3) Anyone have any advice or pitfalls to watch out for when running an all NVME setup?

4) In the past we’ve always done external JBODS connected to a “head” server using an LSI HBA. But this has the NVME ports on the board itself. So we won’t be doing the JBOD setup this time. Any issues not using an HBA and just using the ports on the motherboard?

Honestly, I'd love to do another JBOD / Head unit like we've done in the past, but with U.2 or U.3 drives. But i'm not seeing any Supermicro shelves that seem to support that kind of setup, and I thought I read some stuff here in the forums that said to stay away from the Broadcom Tri-Mode HBAs, which to my knowledge are the only HBAs that would support an external JBOD with NVME. Although i'd love to be proven wrong :)

Thanks!

NugentS · Oct 22, 2021

The only comment I have is that if I was running the expense of 10 Samsung 3.8TB NVMe drives I would not be cheaping out on the CPU
As for the vdevs - you get 98K Read IOPS and 30K Write IOPS and with twin vdevs you would (simplistically) get twice that (in theory)

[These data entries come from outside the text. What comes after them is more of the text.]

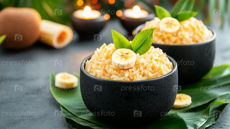 Яркий и красочный показ свежих тропических фруктов прекрасно сопровождается пушистым кокосовым рисом
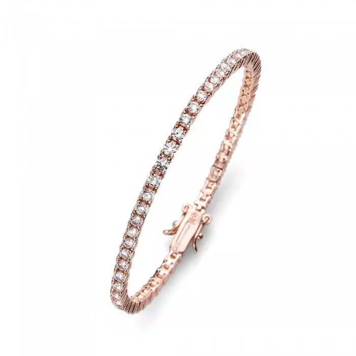 Elegantna ženska narukvica brenda OLIVER WEBER izrađena od srebra u roze boji zlata u kombinaciji sa Swarovskim kristalima bele boje.
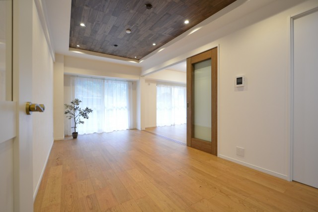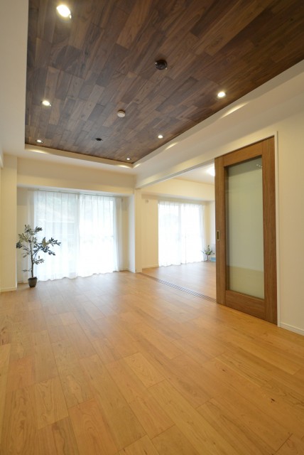 今回は、LDKと洋室の壁面にエコカラットを貼ってあり間接照明を設置しています!
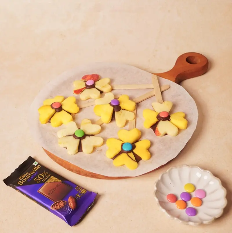 Turn apples into flowers with the help of melted Cadbury Bournville dark chocolate and Cadbury Gems to create a whimsical treat without extra effort. Follow the recipe and make your own fruit flowers for when you crave for something sweet, light, and healthy.
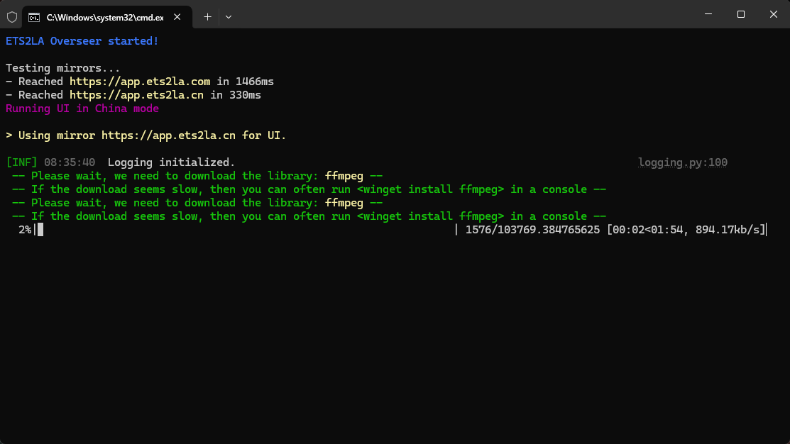 由于软件需要从远程服务器下载ffmpeg,但是因为ffmpeg的服务器的并不在国内,所以会出现下载失败的情况;为了确保软件能够正常运行,我们建议使用手动添加的方式来安装ffmpeg;从ETS2LA国内镜像下载站下载压缩包,将其解压出来,将里面的ETS2LA文件夹复制到ETS2LA的安装目录/盘符中即可,这样在稍后启动ETS2LA的时候就不需要下载ffmpeg也不会弹出错误提示了。
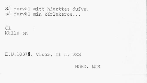//// Sä farväl mitt hjerttas dufva, //// sä farväl min kärleksros... //// * * //// 01 //// Källa sn //// E.U.10376. Visor, II s. 283 //// NORD. MUS //// • '¦! ////

I think you are at the performance level of suck it and see. Either way it should be damn quick.

Question - would you design in a SLOG or not?

jamiejunk · Oct 23, 2021

NugentS said:
The only comment I have is that if I was running the expense of 10 Samsung 3.8TB NVMe drives I would not be cheaping out on the CPU

I'm fine not cheaping out on the CPU. But what's the point of spending a bunch of money if it's going to be at like 5% utilization while flooding a 10 gig link? I seriously have zero idea on how fast of a CPU i'll need with these. That's why i'm looking for guidance :)

NugentS said:
Question - would you design in a SLOG or not?

We didn't seem to need a SLOG or L2arc with the JBOD that had 24 SAMSUNG 840 Pro SSDs. So i'm not sure we would need them with this setup either. But maybe I do?

NugentS · Oct 23, 2021

For NFS & iSCSI by default VMWare waits for the write to be committed to the pool (which is quite fast I accept)
With SYNC=off its as fast as it possibly can be as TN will lie about the commit write
With SYNC=always AND a decent SLOG the the writes go to the SLOG (containing the ZIL), TN says committed and then eventually the writes get committed. If TN reboots / crashes etc then when it comes back up it reads the SLOG for any uncommitted writes. This is slower than off, but faster than always without a SLOG.

Part of the issue is write amplification. Without a SLOG the ZIL sits on the pool so data gets written twice on the pool, once to the ZIL and then to the main pool.

I guess the SLOG would need to be very fast in order to compare to the Pool. I suspect testing would be required. Test with Sync=always and sync=off and see if there is a difference then compare to say an Optane or one of the RAMDISK devices

jgreco · Oct 23, 2021

It's great to see you back and that things have worked out.

Pure iSCSI or NFS service does not require ungodly amounts of CPU. The E5-1650v3 filer here with 24x HDD in mirrors puts out about 5Gbps with 95% CPU idle. I suspect a more modern CPU would not have much trouble with an all-flash array at 10Gbps speeds.

blanchet · Apr 23, 2022

@jamiejunk Do you have succeeded to build your all NVMe storage server with the 1U SuperMicro SuperServer SSG-110P-NTR10 ?

jamiejunk · Apr 26, 2022

blanchet said:
@jamiejunk Do you have succeeded to build your all NVMe storage server with the 1U SuperMicro SuperServer SSG-110P-NTR10 ?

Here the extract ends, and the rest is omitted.